During World War II, Sacramento residents grew victory gardens, and Bercut-Richards canned the produce with a special “V for Victory” label. In 1942, the U.S. Army Signal Corps took over operation of the Bercut-Richards cannery to supply the war effort. The Bercut-Richards facility housed German prisoners of war who worked in the depot’s warehouses. The Bercut-Richards cannery ceased operations in 1993. In 2009, the historic structure was demolished to build apartments and other developments.

== Cannery Labor ==

In the 1800s, white Pacific fisherman organized with cannery workers to exclude non-white workers.

After the first World War, the Industrial Workers of the World and the American Federation of Labor began organizing farm and food production workers throughout California. Between 1918 and 1920, a series of strikes affected cannery operations in Northern California. In 1920, workers at the Libby, McNeill & Libby cannery in Sacramento went on strike.

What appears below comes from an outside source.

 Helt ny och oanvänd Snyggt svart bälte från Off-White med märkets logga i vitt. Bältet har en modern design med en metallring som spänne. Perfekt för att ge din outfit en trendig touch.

In Sacramento, the seasonal canning industry was the first industry affected by the Great Depression. In September 1930, the California Cooperative Producers Canning Company, the previous operator of Bercut-Richards cannery, laid off 153 cannery workers as demand for canned goods plummeted. The company would eventually owe over $25,000 to 600 workers who filed petitions to the State Labor Bureau who were ultimately unsuccessful in recouping their stolen wages. Following a December 1932 freeze, cannery officials began hiring desperate workers for as little as $0.20 an hour By 1930, the radical Cannery and Agricultural Workers' Industrial Union (CAWIU) was organizing Sacramento cannery workers.

In 1934, pressured by the Associated Farmers of California and its allied urban commercial and industrial interests, police raided the CAWIU headquarters in Sacramento and charged 17 of its leaders with criminal syndicalism. Several leaders, including Pat Chambers and Caroline Decker, were sentenced in 1935 to several years’ imprisonment. After 1935, Sacramento cannery workers organized under the AFL as Cannery Workers Local No. 20324.

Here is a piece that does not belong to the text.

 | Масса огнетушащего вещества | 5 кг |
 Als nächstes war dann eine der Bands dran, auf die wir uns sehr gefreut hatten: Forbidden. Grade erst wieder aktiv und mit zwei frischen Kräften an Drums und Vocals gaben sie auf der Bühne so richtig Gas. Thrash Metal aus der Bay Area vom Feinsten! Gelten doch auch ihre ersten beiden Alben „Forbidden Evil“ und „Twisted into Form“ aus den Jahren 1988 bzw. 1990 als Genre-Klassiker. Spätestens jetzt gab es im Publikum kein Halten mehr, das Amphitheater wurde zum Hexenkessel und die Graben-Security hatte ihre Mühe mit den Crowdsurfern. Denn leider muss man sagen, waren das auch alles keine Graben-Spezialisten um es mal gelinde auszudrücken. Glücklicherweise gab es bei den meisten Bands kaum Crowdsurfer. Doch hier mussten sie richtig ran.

In 1945, AFL President William Green turned over jurisdiction of all California cannery locals to the International Brotherhood of Teamsters. Cannery workers in Sacramento, Stockton, and Modesto were not consulted beforehand and lacked trust in the Teamsters, staging strikes and work stoppages in protest of the decision. About 1,200 workers in the Sacramento Libby, McNeill and Libby plant refused to pay dues to the Teamsters, striking with signs that read “We Will Work—But Not One Cent of Tribute to the Teamsters." The Sacramento Police Department intervened, escorting scab replacements and checking for Teamster cards.

The second World War greatly increased demand for canned goods, but it also reduced the domestic supply of labor. Sacramento canneries benefited from the Bracero Program, which supplemented cheap migrant labor from Mexico. With the program, cannery work became increasingly racialized.

After the second World War, cannery operations became increasingly automated and less reliant on labor. Since then, demand for canned goods has steadily declined, resulting in further job losses.